The other effect of driving the tower straight down was to allow the auto-damage zones to expand downwards about their points of origin, so that if Lolth were to be pulled back into them she would take the auto-damage for entering these squares.

The dwarf fighter then set about doing this, by moving to the corner of the tower and using Warrior's Urging.

At this point, I had to make some rulings (and a fair bit of what follows is a repost from the current "Best of 4e" thread, where I posted it as part of a discussion of "rulings not rules"). The description of what happened in the dwarf fighter's turn, and the paladin's turn after that, will be fairly lengthy.

The players didn't know about the divine discorporation rules - I had mentioned them during an earlier fight with Torog, but that was about a year ago (real time) and had not been remembered. Whereas I did know about them, and also knew that being pulled through both zones would do enough damage to bloody Lolth and hence lead to her discorporation: when the dice were actually rolled, as she passed into the first auto-damage zone she was left about 50 hp above bloodied, and then - when she was drawn through the next zone - she was down to 307 hp (her bloodied value is 317 hp).

I had already decided, in thinking about how the encounter with Lolth would resolve over the fortnight since our last session, that when Lolth discorporated she would die but the Queen of Chaos would be freed. The Queen of Chaos is a primordial/demon (described in the Demonomicon sourcebook) that only the sorcerer knew about up until now, as it was a pact with her that had established him as a Demonskin Adept back in the lead-up to Paragon tier. (And as a result he had her symbol branded on the inside of his eyelids - which is what causes him to become blind when he sees glimpses of the Abyss, his 16th level path feature.)

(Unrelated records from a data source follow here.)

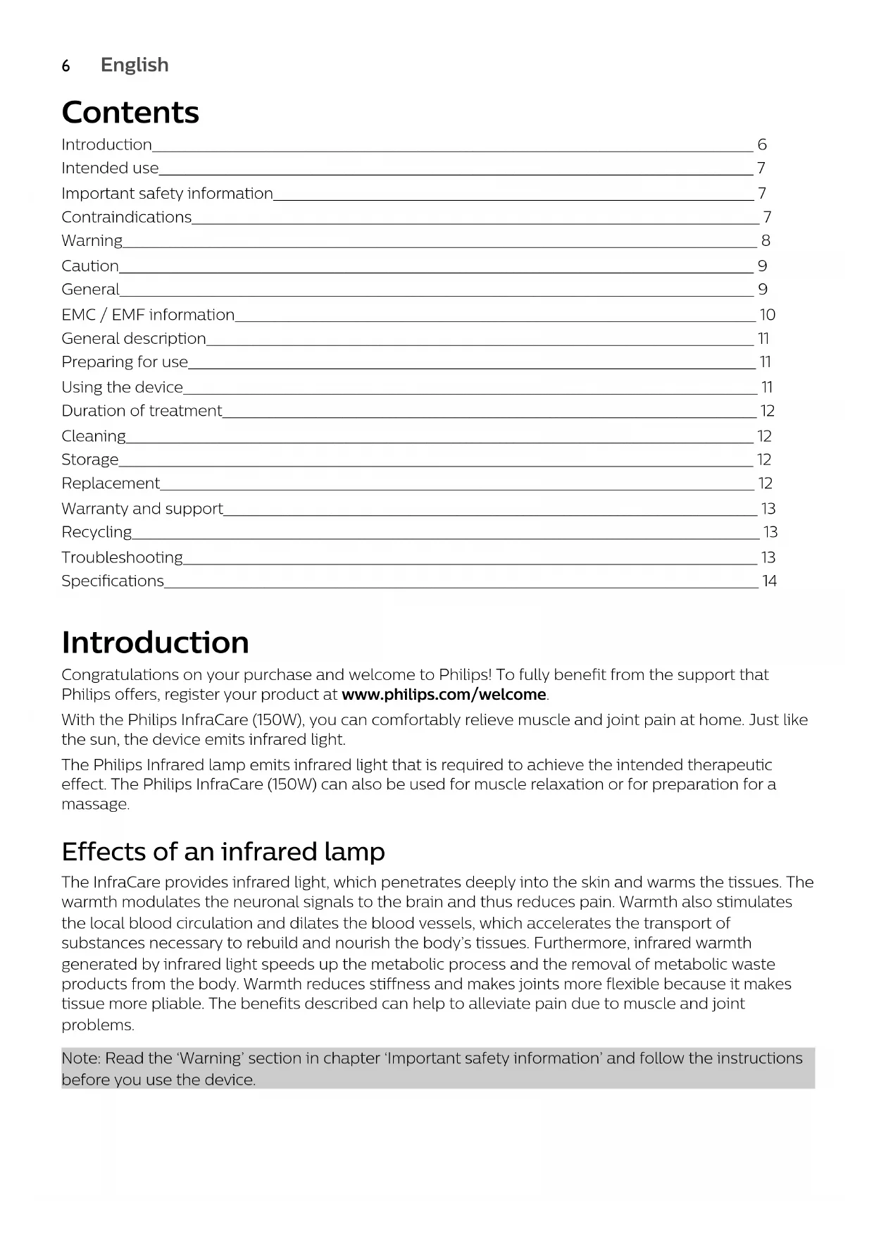 89English Contents Introduction__________________________________________________________________________________________ 6 Intended use_________________________________________________________________________________________ 7 Important safety information________________________________________________________________________ 7 Contraindications_____________________________________________________________________________________ 7 Warning_______________________________________________________________________________________________ 8 Caution_______________________________________________________________________________________________ 9 General_______________________________________________________________________________________________ 9 EMC / EMF information______________________________________________________________________________ 10 General description__________________________________________________________________________________ 11 Preparing for use_____________________________________________________________________________________ 11 Using the device______________________________________________________________________________________ 11 Duration of treatment________________________________________________________________________________ 12 Cleaning______________________________________________________________________________________________ 12 Storage_______________________________________________________________________________________________ 12 Replacement_________________________________________________________________________________________ 12 Warranty and support________________________________________________________________________________ 13 Recycling______________________________________________________________________________________________ 13 Troubleshooting______________________________________________________________________________________ 13 Specifications_________________________________________________________________________________________ 14 Introduction Congratulations on your purchase and welcome to Philips! To fully benefit from the support that Philips offers, register your product at www.philips.com/welcome. With the Philips InfraCare (150W), you can comfortably relieve muscle and joint pain at home. Just like the sun, the device emits infrared light. The Philips Infrared lamp emits infrared light that is required to achieve the intended therapeutic effect. The Philips InfraCare (150W) can also be used for muscle relaxation or for preparation for a massage. Effects of an infrared lamp The InfraCare provides infrared light, which penetrates deeply into the skin and warms the tissues. The warmth modulates the neuronal signals to the brain and thus reduces pain. Warmth also stimulates the local blood circulation and dilates the blood vessels, which accelerates the transport of substances necessary to rebuild and nourish the body’s tissues. Furthermore, infrared warmth generated by infrared light speeds up the metabolic process and the removal of metabolic waste products from the body. Warmth reduces stiffness and makes joints more flexible because it makes tissue more pliable. The benefits described can help to alleviate pain due to muscle and joint problems. Note: Read the ‘Warning’ section in chapter ‘Important safety information’ and follow the instructions before you use the device.
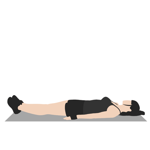 1 仰卧平躺于地面,背部紧贴地面,双手放在身体两侧;
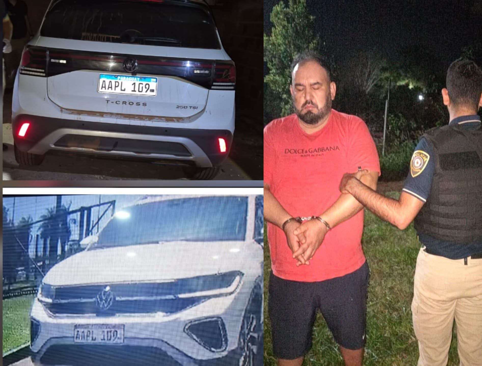 Un vehículo *Volkswagen T-Cross* fue hallado en un galpón de la *Colonia Potrero Sur*. El detenido es *Ovidio César Fischer Mussi*, sospechoso de haber sido el conductor durante el ataque.

So I rolled Bluff for Lolth and then got the players to roll Insight - two of them beat her (the paladin and the invoker/wizard) and so I told them they could see her smirking, and almost welcoming being bloodied - and then when they asked why I told them that they suddenly recalled (one in his capacity as a Marshall of Letherna, the other as a Sage of Ages with Memories of 1000 Lifetimes) that a deity who is bloodied might discorporate - and the Sage of Ages (bearing the Rod of Law and having made the better check, beating a Hard DC) could also sense the Queen of Chaos about to break free.

Last session I had hinted, and this session I confirmed to the player (and PC), via telepathic communication from Lolth/the Queen of Chaos as she was on the verge of discorporation, that all this time he had been chanelling chaos energy from her (especially via Demonsoul Bolts) so that he could come and kill Lolth and free her. (My Lolth backstory: she became corrupted because, when she used her webs to hold the world together she encountered, and was possessed by, the Queen of Chaos at the bottom of the Abyss.) I like it when old backstory - in this case, the fiction around a PC's paragon path acquisition from a session over four years ago - comes back into focus to support further backstory, as it did here.

And I dropped in another reveal that I'd been thinking about for a while - the Queen of Chaos (taking control over Lolth as her discorporation approached) called out to the invoker/wizard that the 7th part of his Rod of Law (currently made of 6 parts) could be recovered from Miska the Wolf-Spider in his prison in Carceri. The sorcerer realised the significance of this, because he knows the prophecy (from Demonomicon) that when the Rod of 7 Parts is restored "A’othorh’s shroud will darken the gateway”, the Queen of Chaos will return and the Dusk War begin.

Anyway, all this led led to some discussion and debate among the players (and PCs) - should the fighter not pull Lolth in at all? - but he was resolute that now was the time to somehow try and kill her. So when Lolth came within two squares of him, and thereby entered the second zone, she became bloodied.

This was the trigger for Lolth's discorporation, and it takes place as "no action". The fighter has a power, Sudden Opportunity, that is a free action when an enemy becomes bloodied. I let him take his attack. He rolled a crit, which took another 100-odd points of Lolth, but still left her up, just below 200 hit points.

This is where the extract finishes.